Когда мы приехали, на приступках сидел грустный кот. В каком-то из сараев южжали свиньи. В пустынном огороде гулял унылый ветер, терзая отвалившийся кусок жести на крыше туалета. И я поняла, что если здесь мне суждено прожить всю оставшуюся жизнь, то лучше сдохнуть прямо сейчас.
Алексей поставил свой допотопный «москвичонок» в сарай и отпер дверь с задней стороны дома. Из темноты сеней пахнуло затхлой сыростью и кошачьими ссаками.
– Проходи, не стесняйся, – глухо сказал он. – Я человек простой, скромный, деревенский, так что без церемонии тут, будь как дома.
Его слова напомнили мне отца Ивана, и это окончательно раздавило меня в гадкое беспощадно-беспомощное ничто.
В доме было две комнаты. В первой стол, над ним иконы, напротив раковина с помойным ведром и печка. Во второй – другая печка, телевизор, драный диван и шифоньер поперёк комнаты. За шифоньером кровать. На ней этот мужик, которого я не знала ещё несколько часов назад, меня и огулял. А по-другому не скажешь – у него же одна забота: свиньи. Ну, вот ему и новая свинья. Хавроня. Спасибо тебе, бабушка, что устроила мою судьбу…
Алексей не пил разве что только в тот первый день. Человеком, что ли, хотел показаться. И то, кажется, выпил стакан – для храбрости. А дальше пошло-поехало. Каждый божий день к вечеру вусмерть.
Когда же он напивался, то в нём пробуждался монстр – садистское желание поучить меня жизни, по-звериному неумолимое. Выгонит на улицу ночью и не пускает в дом, а там лютый мороз, я стучусь в окна, прошу его, боюсь, что задрыхнет и всё, останусь на улице. Или посадит рядом и злобно, с грязными пошлостями, рассказывает мне, кто я такая есть: что я потаскуха, вонючая дырка и бесполезная скотина, которую надо зарезать. Или заставит раздеться и глумится надо мной. И очень любил бить. Бил всегда расчётливо, с молчаливым наслаждением.
А утром просил прощения – но холодно, с каменным лицом, будто я обязана простить, а от него лишь слова. И всё сначала: смотрю – выжрал.
Как-то быстро я и сама полюбила выпить и забыться в блаженном хмелю. Алексей этому не противился. Наоборот – рад был, что за бутылкой я стала бегать. Он даст денег и полёживает на диване перед телевизором.

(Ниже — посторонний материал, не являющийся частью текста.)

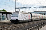 Re 486 501-0 durchfährt den Bahnhof Rothrist.
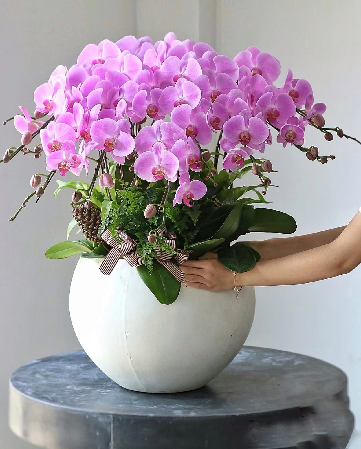 Chậu sứ trắng dáng tròn đơn giản nhưng tinh tế, được điểm xuyết thêm nơ ruy băng sọc nâu tạo điểm nhấn thanh lịch. Bên dưới những cành lan là tầng lá xanh bóng và tiểu cảnh dương xỉ mang lại cảm giác tươi mát, sinh động. Tất cả tạo nên một tổng thể hài hòa, sang trọng và cuốn hút.

За выпивкой я ходила на другой конец села. Там жили дед Семён и бабка Анна Ефремовы. Они гнали самогон. Ефремовский самогон ценился во всей округе, из других деревень люди приезжали к ним.
Меня они жалели. Приду, посадят за стол, нальют стаканчик просто так, забесплатно. Посочувствуют мне. В сердцах поругают Алексея.
– Твой-то не сдох ещё? – часто спрашивала бабка Анна. – Это надо ж так пить, куды только лезет в эту прорву…
– Сдохнить, – зло скрипел дед Семён. – Будет спирт брать у шурина своего да у Захарьиных, точно сдохнить. Сам спился и девку втянул. Сволочь церковная… Кто, ты говоришь, тебя с ним свёл-то?
Я уж сто раз рассказывала, но он всякий раз, как внове, возмущался:
– Знаю я эту бабку. Божья тварь. Он жену со свету сжил, а она ему молодую… Ты, девка, зима пройдёт, беги отседова. Нечего здеся делать.
Зима всё шла, шла и никак не проходила. В деревне время тянучее – как долгая зимняя ночь. Надоело уже, а на дворе только февраль…
Как-то пришла я опять к Ефремовым, а у них незнакомый дяденька сидит, не из наших деревенских, этих я уже всех знала. В рясе – будто монах или поп. Молодой, с куцей бородкой, лицом же красив.
– Вот, забрали бы вы её к себе, – бабка Анна указала ему на меня. – Живёт с мужиком, а он пьёт и бьёт её. Так ведь и до смерти забить может…
– А и что? Заберём, коли она пожелает, – легко согласился он.
Я села за стол, выпила стаканчик, который мне дед Семён поднёс, и ответила – честно, как есть:
– Чего же не поехать, если позовёте. Мне уже всё равно, куда…
Так я и попала на тот хутор – который был там, за полем и лесом, и ещё за полем и лесом, за всеми этим мёртвыми деревеньками, Прохоровкой, Трифоновкой, Лаврентевкой, речкой Вуколкой, – и бог знает где. Куда мне, казалось, никогда не добраться и откуда, казалось, никогда не выбраться. Где остановилось время и замерла жизнь. Где было самое дно моей пропасти.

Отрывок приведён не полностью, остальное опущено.